Llama, Mistral, Gemma, DeepSeek: the history of open weights that matter.

You are a developer who does not want to depend on closed APIs and believes in the value of open-weight models: you can inspect the weights, fine-tune, and run everything locally. This path follows the open community's history — from EleutherAI and GPT-Neo through Llama 4 and DeepSeek — covering the milestones that redefined what you can do without paying tokens to anyone.

  1. 01

    Why it matters to you

    EleutherAI's first large open-weight model: proof that open research could challenge OpenAI at scale, before Hugging Face became the center of the world.

    High Open Source Models

    GPT-Neo: the first open source clone of GPT-3

    EleutherAI releases GPT-Neo 1.3B and 2.7B, open source language models trained on The Pile — the first serious attempt to replicate the GPT-3 architecture with public weights.

  2. 02

    Why it matters to you

    176 billion parameters, trained collaboratively by hundreds of researchers: the model that showed a distributed community can compete with private labs.

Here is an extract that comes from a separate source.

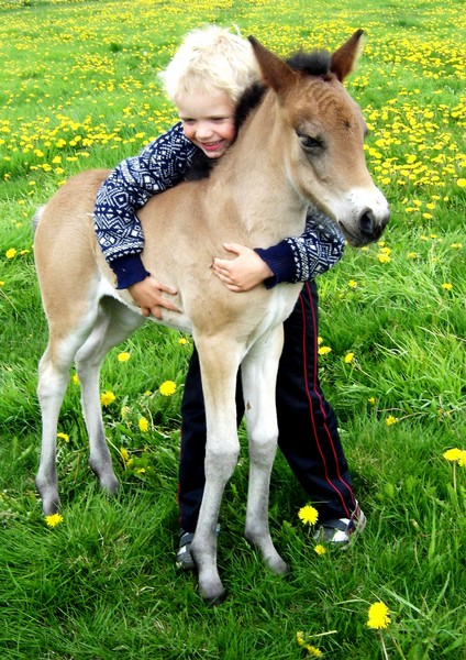 Sindri Snær knúsar kátur gæfu hryssuna :) - Í Árgerði eru x hryssur kastaðar þær eru
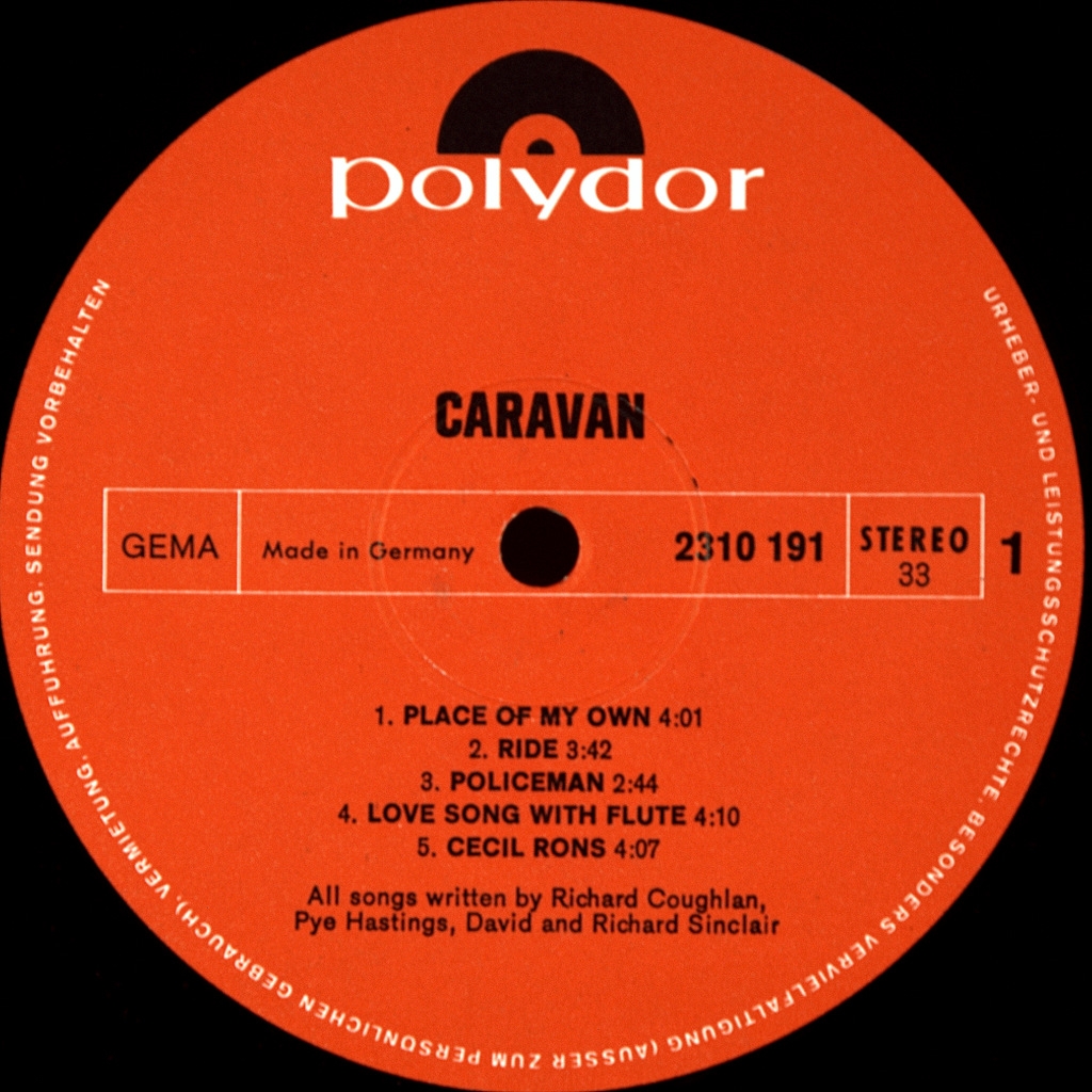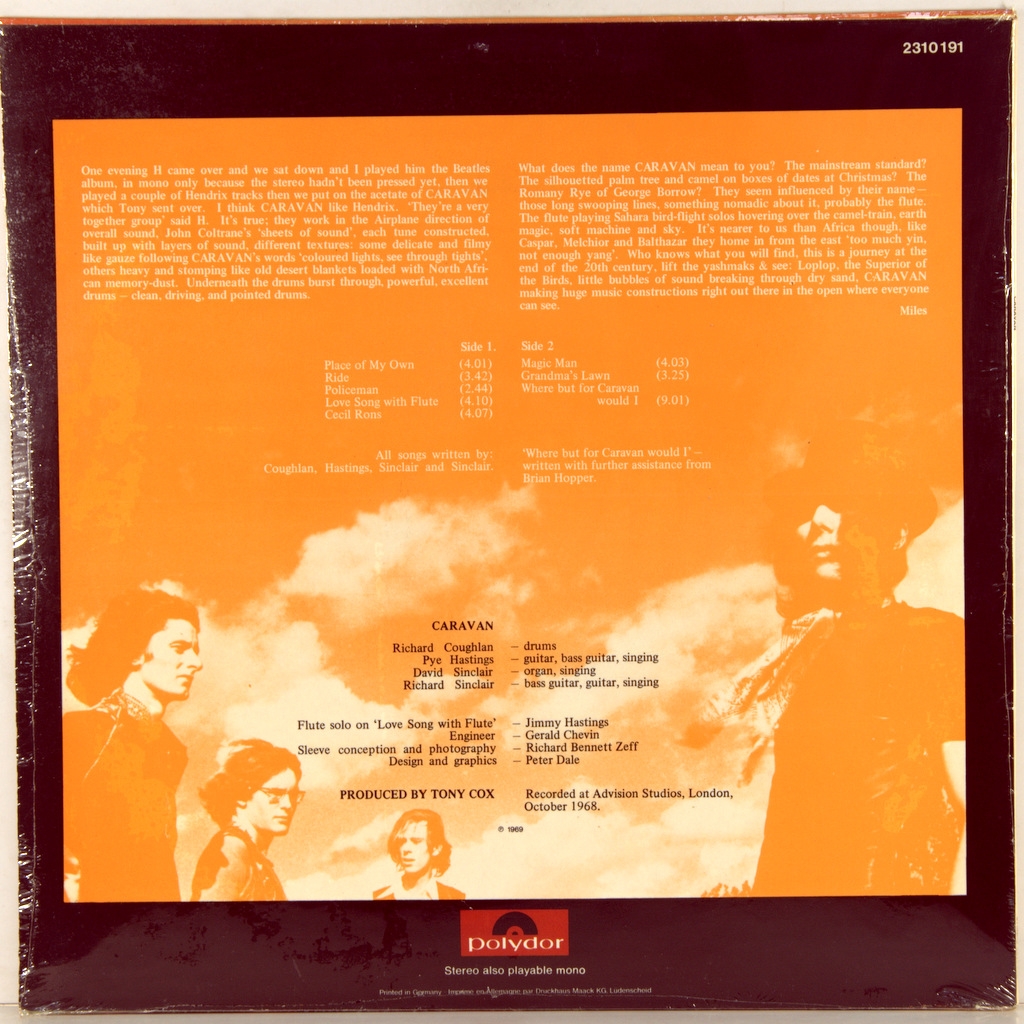 CARAVAN-CARAVAN-1969-ОРИГИНАЛЬНЫЙ ПРЕСС 1972 GERMANY-POLYDOR-2310191. Редкое раннее издание культового альбома. Caravan — британская группа кентерберийской сцены, образованная в 1968 году бывшими участниками группы The Wilde Flowers Паем Хастингсом (вокал, гитара), Ричардом Синклером (вокал, бас-гитара), Дэвидом Синклером (клавишные) и Ричардом Кафланом (барабаны).Первый альбом группы Caravan (1968) был гибридом поп-музыки, джаза и психоделии, сыграв важную роль как в становлении звучания группы, так и формировании особенностей музыкальной школы Кентербери в целом. Альбом включал первый фирменный психоделический джем группы «Where But For Caravan Would I»

    High Open Source Models

    BLOOM 176B: the first truly open large multilingual LLM

    The BigScience collective releases BLOOM, a 176-billion-parameter model trained on 46 human languages and 13 programming languages, under an open RAIL license.

  3. 03

    Why it matters to you

    The leak that changed everything: LLaMA weights circulate freely and within weeks anyone can fine-tune on a laptop. The modern open ecosystem is born.

    High Open Source Models

    LLaMA: Meta opens foundation models to research

    Meta releases LLaMA in four sizes (7B, 13B, 33B, 65B), available to researchers on request. One week later, the weights leak publicly.

  4. 04

    Why it matters to you

    7 billion parameters that beat Llama 2 13B on almost every benchmark: Mistral proves that efficiency and architecture matter more than raw scale.

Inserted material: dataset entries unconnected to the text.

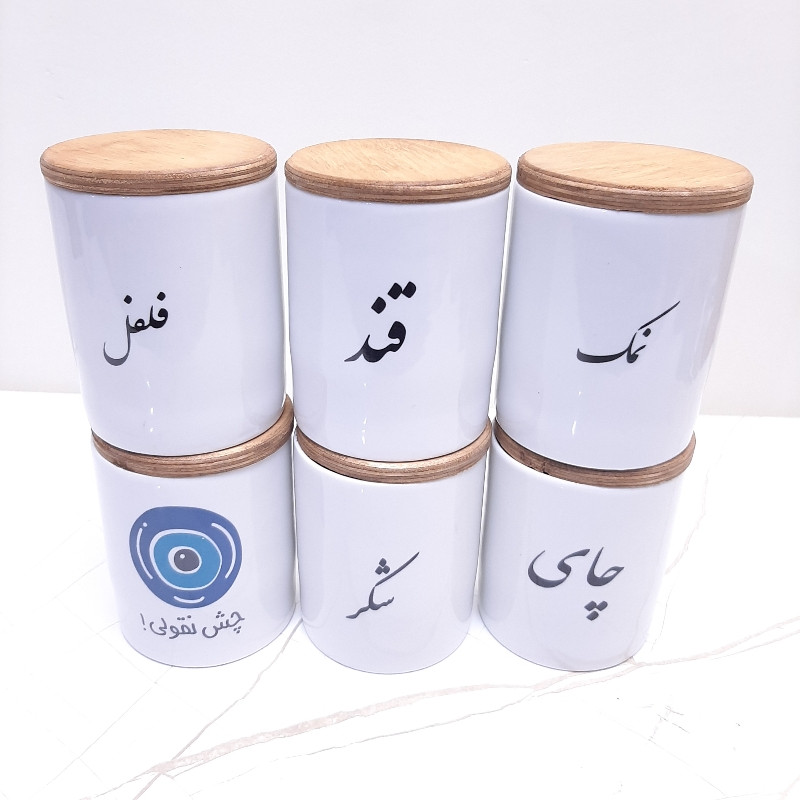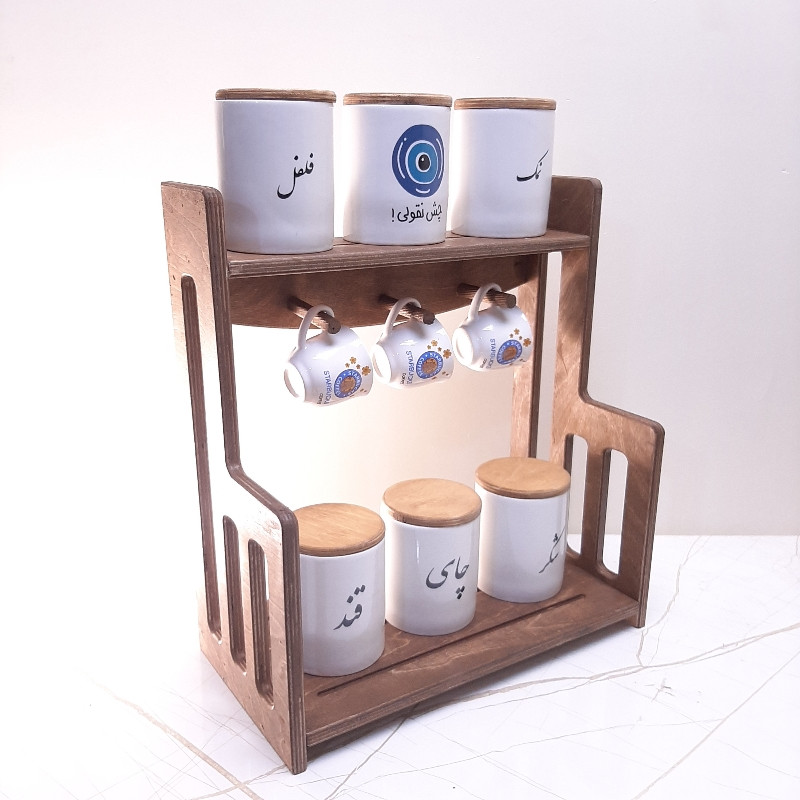 این ست تشکیل شده از یک عدد پاسماوری چوبی به ضخامت 12 میل از جنس چوب پلی وود و 6 عدد بانکه از جنس چینی به سایز 8x10 با فونت فارسی با درب چوبی و 3 عدد کاپ قهوه خوری می باشد کل این مجموعه قابل شستشو می باشد
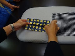 ↓5.6年 家庭科 波縫いの練習をしています。縫い目をそろえて縫う練習です。ミシンがあっても、手縫いは基本ですので、作品作りを楽しみながら練習しています。
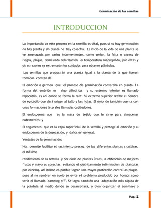 Este documento describe el proceso de germinación de las semillas. Explica que la germinación es vital para que las plantas se desarrollen y haya cosechas. Detalla las partes de la semilla como el embrión, endosperma y tegumento, y las fases de la germinación como la absorción de agua, respiración y división celular. Finalmente, presenta resultados de experimentos sobre la germinación de semillas de soya y discute factores como la temperatura, humedad y oxígeno necesarios para que ocurra con éx
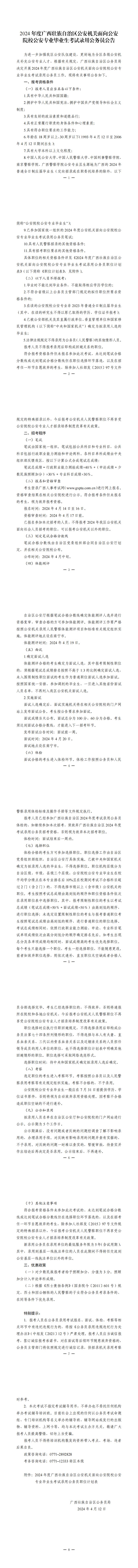 原文標題:2024年度廣西壯族自治區(qū)公安機關面向公安院校公安專業(yè)畢業(yè)生考試錄用公務員公告
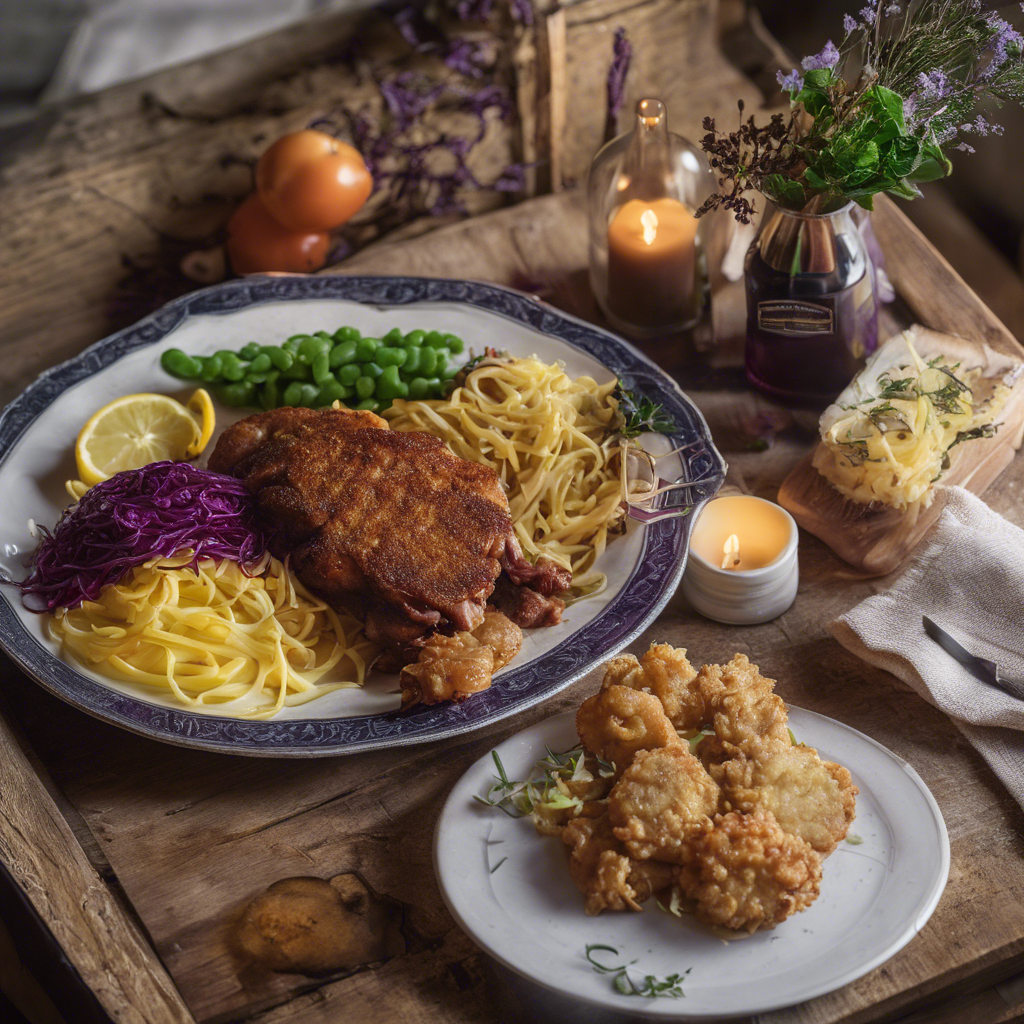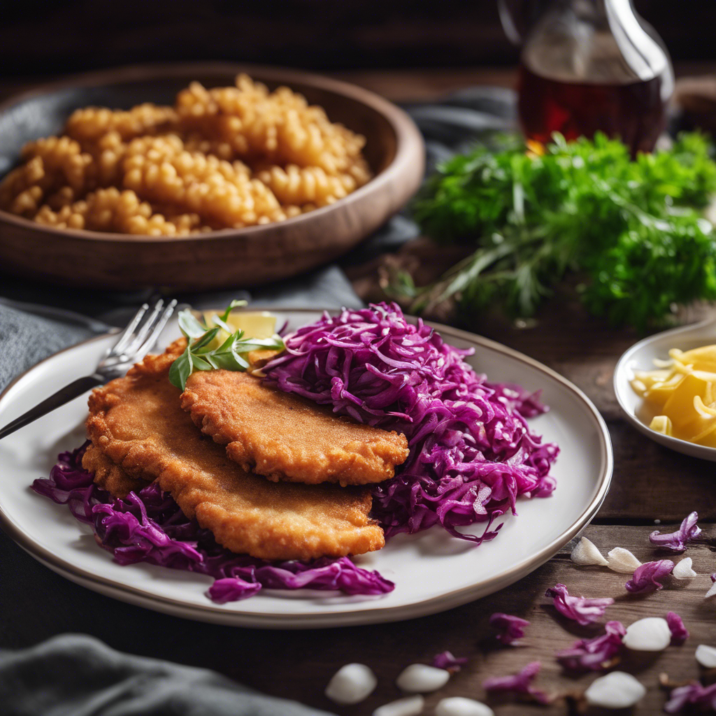 Schnitzel with Spaetzle and Red Cabbage is a classic German dish that has been enjoyed for centuries. The dish originated in Germany and has since become a beloved staple in German cuisine. The crispy, breaded schnitzel is typically made with veal or pork, pounded thin and fried to golden perfection. The tender, chewy spaetzle, a type of egg noodle, and the tangy, sweet red cabbage perfectly complement the rich flavors of the schnitzel. This hearty and comforting dish is often associated with Bavarian cuisine and is a favorite in beer gardens and traditional German restaurants. Today, the best versions of this dish can be found in authentic German eateries, where skilled chefs prepare the schnitzel to crispy perfection and the spaetzle to a tender, chewy texture. The key to getting this dish right lies in the preparation of the schnitzel, ensuring it is perfectly crispy on the outside and tender on the inside. While the traditional method of frying the schnitzel is most popular, some chefs also offer a healthier alternative by baking the schnitzel. This dish is a must-try for anyone looking to experience the rich flavors and comforting warmth of German cuisine.

    High Open Source Models

    Mistral 7B: Europe joins the open-source race

    Mistral AI (Paris), a three-month-old startup founded by ex-Meta/DeepMind researchers, releases Mistral 7B under Apache 2.0. Beats Llama 2 13B on most benchmarks with half the parameters.

  5. 05

    Why it matters to you

    Mixture-of-Experts open to the community: the technique that delivers 70B-quality at 13B inference cost becomes accessible to anyone with a serious GPU.

    Landmark Open Source Models

    Mixtral 8x7B: open-source Mixture of Experts that beats GPT-3.5

    Mistral drops Mixtral 8x7B via magnet link with no warning: SMoE with 8 experts of 7B, 13B active params out of 47B total. Performance matches/exceeds GPT-3.5. Apache 2.0.

  6. 06

    Why it matters to you

    Google releases open weights optimized for single-GPU deployment: the signal that even big labs must reckon with the open-weight ecosystem.

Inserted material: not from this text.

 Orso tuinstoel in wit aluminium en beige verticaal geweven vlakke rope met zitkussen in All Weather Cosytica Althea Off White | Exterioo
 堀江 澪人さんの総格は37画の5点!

    High Open Source Models

    Gemma: Google enters the open-weights game

    Google releases Gemma 2B and 7B, open-weight models derived from Gemini research. For the first time Google competes directly with Llama and Mistral on open ground.

  7. 07

    Why it matters to you

    An open-weight model with reasoning competitive with OpenAI o1, trained at a fraction of the cost: the strongest proof yet that open source has reached the frontier level.

    Landmark Open Source Models

    DeepSeek-R1: open reasoning matches o1 at 1/30 the cost

    Chinese startup DeepSeek releases R1, a reasoning model with MIT-licensed open weights. Performance on par with OpenAI o1, API pricing $0.55/$2.19 per 1M tokens (vs o1 $15/$60). Nasdaq AI loses $1T in two days.